Subhamoy Pal{ddagger}, Raymond J. St. Leger§, and Louisa P. Wu{ddagger}1

From the {ddagger}Center for Biosystems Research, University of Maryland Biotechnology Institute and §Department of Entomology, University of Maryland, College Park, Maryland 20742

Destruxins are a class of insecticidal, anti-viral, and phytotoxic cyclic depsipeptides that are also studied for their toxicity to cancer cells. They are produced by various fungi, and a direct relationship has been established between Destruxin production and the virulence of the entomopathogen Metarhizium anisopliae. Aside from opening calcium channels, their in vivo mode of action during pathogenesis remains largely uncharacterized. To better understand the effects of a Destruxin, we looked at changes in gene expression following injection of Destruxin A into the fruit fly Drosophila melanogaster. Microarray results revealed reduced expression of various antimicrobial peptides that play a major role in the humoral immune response of the fly. Flies co-injected with a non-lethal dose of Destruxin A and the normally innocuous Gram-negative bacteria Escherichia coli, showed increased mortality and an accompanying increase in bacterial titers. Mortality due to sepsis was rescued through ectopic activation of components in the IMD pathway, one of two signal transduction pathways that are responsible for antimicrobial peptide induction. These results demonstrate a novel role for Destruxin A in specific suppression of the humoral immune response in insects.

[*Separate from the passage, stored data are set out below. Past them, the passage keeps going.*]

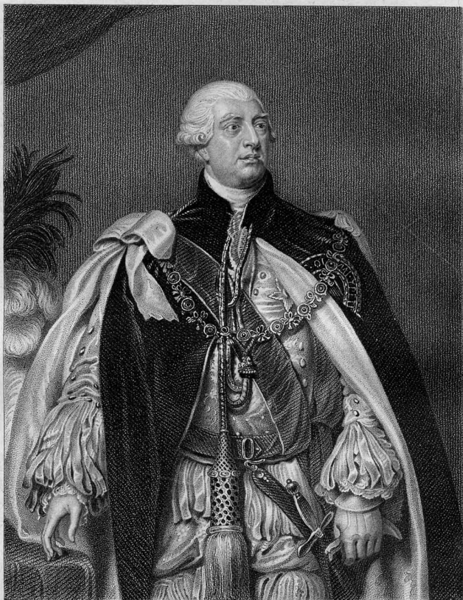
Painted by Sir Tho s Lawrence. P.R.A.
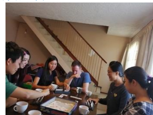
學青團契一同為聖誕福音出擊預備

願主特別祝福聖誕期間教會的每個聚會與活動。藉此向人宣揚聖誕的主角是主耶穌基督，聖誕的意義是主耶穌基督帶來了救恩的福音。賽12：2-4「 神是我的拯救；我要倚靠祂，並不懼怕。因為主耶穌華是我的力量，是我的詩歌，祂也成了我的拯救。所以，你們必從救恩的泉源歡然取水。在那日，你們要說；當稱謝耶和華，求告祂的名；將祂所行的傳揚在萬民中，提說祂的名已被尊崇。 」提早祝弟兄姊妹有一個喜樂蒙恩的聖誕節，願榮耀歸給神。
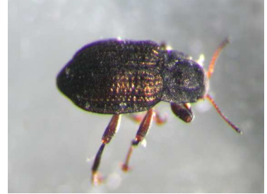
Elmis - vodnář, dospělec 0,2cm
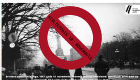
Nevardarbīgā pretošanās padomju okupācijas režīmam
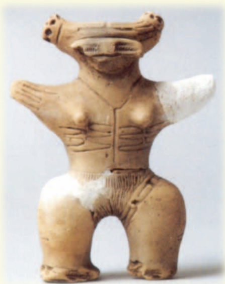
鱒ヶ沢町大曲遺跡
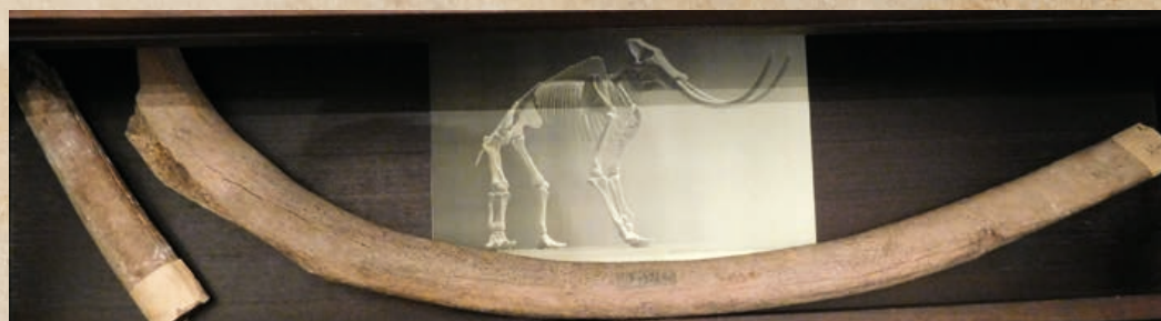
Mamutí žebro.

V pozdějším období mladší doby kamenné, které nazýváme neolit, vedla celou Moravskou bránou významná obchodní stezka. Směřovala od Jadrana po Balt a užívá se pro ni nejčastěji název Jantarová stezka. Osídlení z tohoto období bylo doloženo v areálu zříceniny hradu Svrčova.
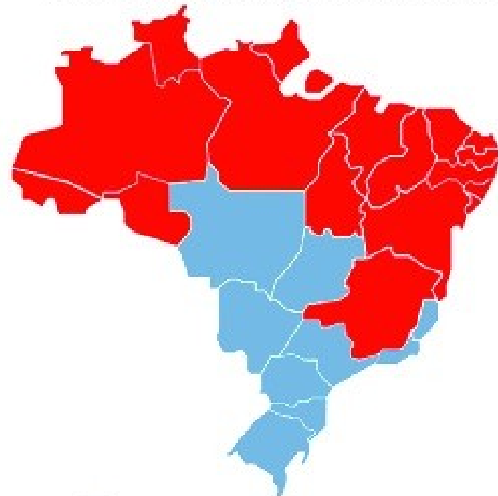
Bolsa Familia social welfare program
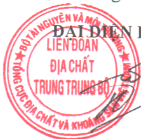
Trần Văn Thảo

Biên bản này được lập thành 06 bản có giá trị pháp lý như nhau, Bên A giữ 04 bản, Bên B giữ 02 bản./.
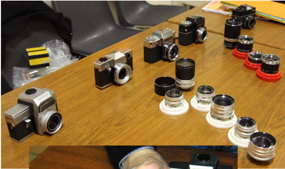
Présentation de quelques reflex 126.
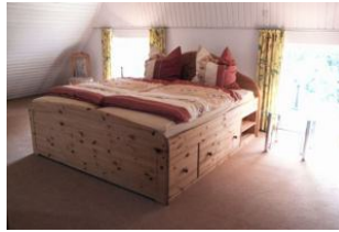
Das zweite große Schlafzimmer befindet sich im 1. Stock
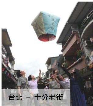
台北 - 十分老街
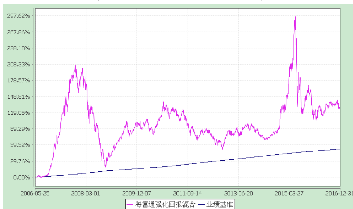
海富通强化回报混合型证券投资基金 份额累计净值增长率与业绩比较基准收益率的历史走势对比图 (2006年5月25日至2016年12月31日)

注：按照本基金合同规定,本基金建仓期为基金合同生效之日起六个月。建仓期满至今,本基金投资组合均达到本基金合同第十二条(二)、(七)规定的比例限制及本基金投资组合的比例范围。
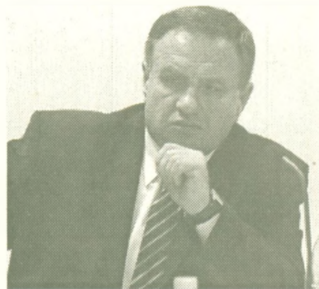
Михаил ИГИТОВ, глава города Мегиона:

— Насущных проблем накопилось в сфере предпринимательства достаточно. Понимаю, что какие-то из них требуют изменений в законодательной базе, но многое зависит и от нашей с вами активности, и гражданской ответственности. Сегодня необходимо выстроить систему взаимодействия городской власти и бизнес-сообщества, тогда возникающие вопросы можно будет решать в рабочем порядке. Считаю, что и предприниматели на добровольной основе для города что-то полезное должны создавать. Будем вместе делать всё, чтобы и вам легче жилось, и городу было лучше.
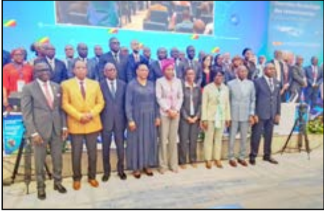
Les ministres, l'équipe de la banque mondiale et les invités à l'ouverture

Le Groupe de la Banque mondiale et le Gouvernement congolais ont procédé, du 19 au 20 mars 2024 à Brazzaville, à la revue de la performance du portefeuille pays édition 2024. La cérémonie a été coprésidée par Mme Ingrid Olga Ghislaine Ebouka-Babackas, ministre du Plan, de la statistique et de l'intégration régionale, Gouverneure nationale de la Banque mondiale et Mme Louise Pierrette Mvono, représentante résidente de la Banque mondiale au Congo. L'objectif visé est d'évaluer chaque année les résultats obtenus par des projets sous financement de la Banque mondiale.
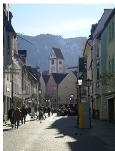
Foto 5 il centro di Fussen
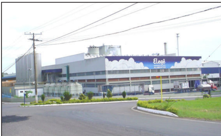
Indústria continua sendo a maior empresa de Teutônia

Em abril de 1996, o controle acionário da CCGL passou para o Grupo Avipal. Empresa nacional do ramo de alimentos (carnes e grãos). “Em 1999, o Grupo Avipal ampliou sua capacidade e mix de produtos, entre os quais, produção de
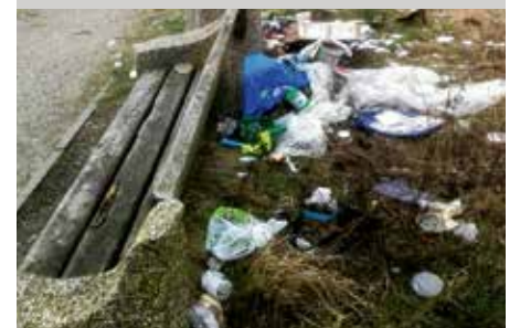
Nabrzeże Cegielinka (ul. Eskadrowa) „Krajobraz po bitwie”
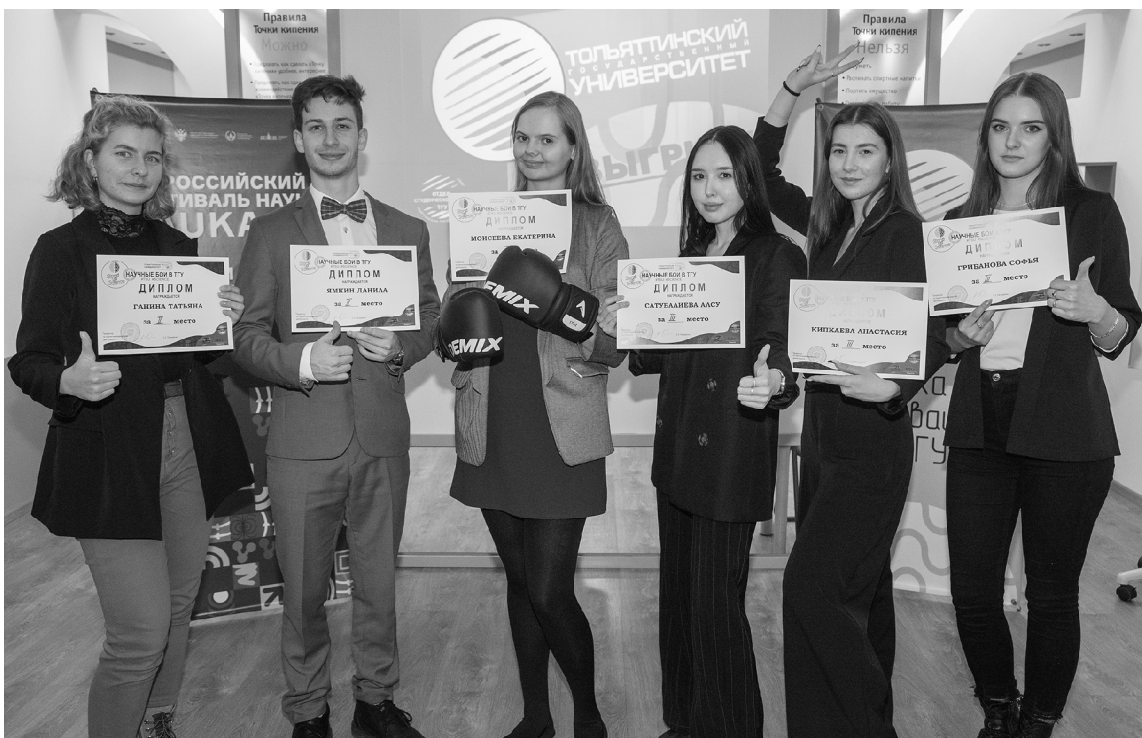
Победители научных боёв Stand-up Science рассказали о науке ярко и увлекательно

В Тольяттинском государственном университете (ТГУ) подвели итоги интеллектуальных боёв. Микросервисная архитектура, фразеологизмы в заголовках СМИ и действия в террористической ситуации — таким темам были посвящены научные стендапы, представленные в финале девятого сезона Stand-up Science.
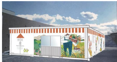
新設増床する直売所のイメージ
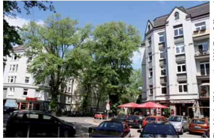
Eimsbütteler Wohnquartier, 2009

Ein besonders gravierendes Problem in Eimsbüttel ist das Thema öffentlich geförderter Wohnungsbau. So wurden 2011 in diesem Bezirk lediglich 27 (!) Wohnungen genehmigt, 2012 waren es 105. Stellt man den wachsenden Bedarf an geförderten Wohnungen (1. Förderweg!) den auslaufenden Bindungen im sozialen Wohnungsbau gegenüber, so ist das nur ein Tropfen auf den heißen Stein. Die Zahl der öffentlich geförderten Wohnungen in Eimsbüttel betrug im Jahr 2012 nur noch 7.188.
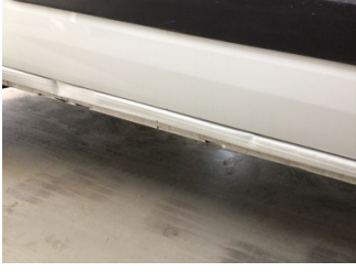
Marşbiyel, sağ, Marşbiyel, sağ > Ezik
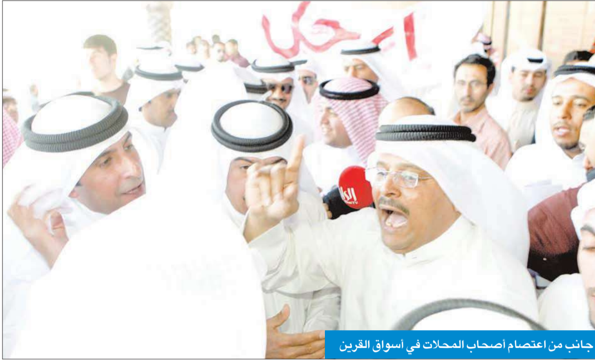
جانب من اعتصام أصحاب المحلات في أسواق القرين

مشيراً إلى تضخم حجم المصائب التي تسفر عن نهج وسياسة البلدية، قائلاً: "نحن لا نلوم وزير البلدية وإنما نلوم رئيس مجلس الوزراء على استمرارية إبقاء الوزير لما يتخذه من قرارات تضر بالمواطنين والمستثمر الأجنبي الذي جاء لرفع اقتصاد البلد، مختتماً بالقول: "يا رئيس مجلس الوزراء قم بدورك واستبعد وزير البلدية".
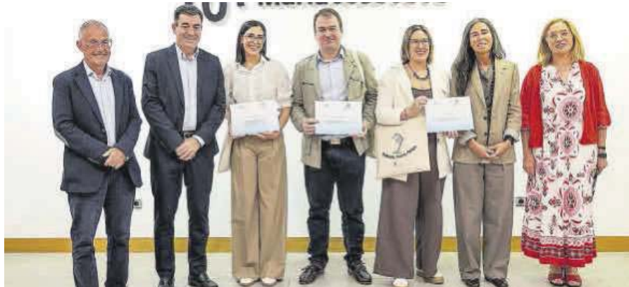
Autoridades con la ganadora y las finalistas. | LOC

Un proyecto de teatro para alumnos con TDAH, becado por la entidad e Ingada
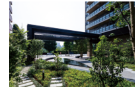
緑に囲まれたオープンスペース
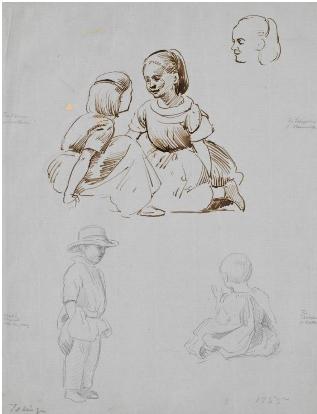
Fig. 12. P.C. Skovgaard: Studier til børnegruppen t.v. på "Bøgeskov i Maj". 1855. Blyant, pen og brunt blæk på falmet blått papir. 278 x 218 cm. Den kgl. Kobberstiksamling, Statens Museum for Kunst, inv.nr. KKS21423

Med andre ord er kunstnerens valg af motiv i høj grad også, eller måske snarere, resultat af en fascination af landskabet i sig selv. Det er ikke tilfældigt, at Skovgaard fandt motiver i for eksempel Tisvilde, hvor han var vokset op. Han kendte jo stedet og havde et forhold til det, hvorfor han også vendte tilbage flere gange, selvom han hele sit voksne liv var bosat i København. Skovgaard har
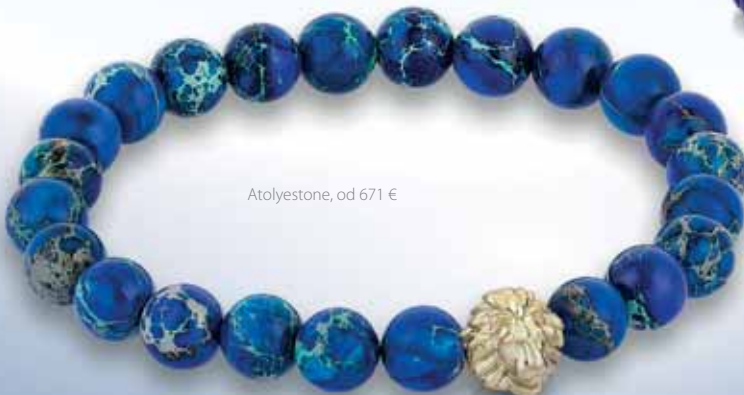
Atolyestone, od 671 €
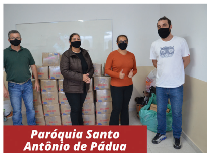
Paróquia Santo Antônio de Pádua

Received for publication, June 21, 2006 , and in revised form, December 21, 2006.

The amino acid sequence of this protein can be accessed through NCBI Protein Database under NCBI accession number GSE5767 [NCBI GEO] .

* This work was supported by National Institutes of Health Grant R01-GM62316. The costs of publication of this article were defrayed in part by the payment of page charges. This article must therefore be hereby marked "advertisement" in accordance with 18 U.S.C. Section 1734 solely to indicate this fact.

Formula The on-line version of this article (available at http://www.jbc.org) contains supplemental data.

1 To whom correspondence should be addressed: Center for Biosystems Research, University of Maryland Biotechnology Institute, 5115 Plant Sciences Bldg., College Park, MD 20742. Tel.: 301-405-5151; Fax: 301-314-9075; E-mail: wul{at}umbi.umd.edu.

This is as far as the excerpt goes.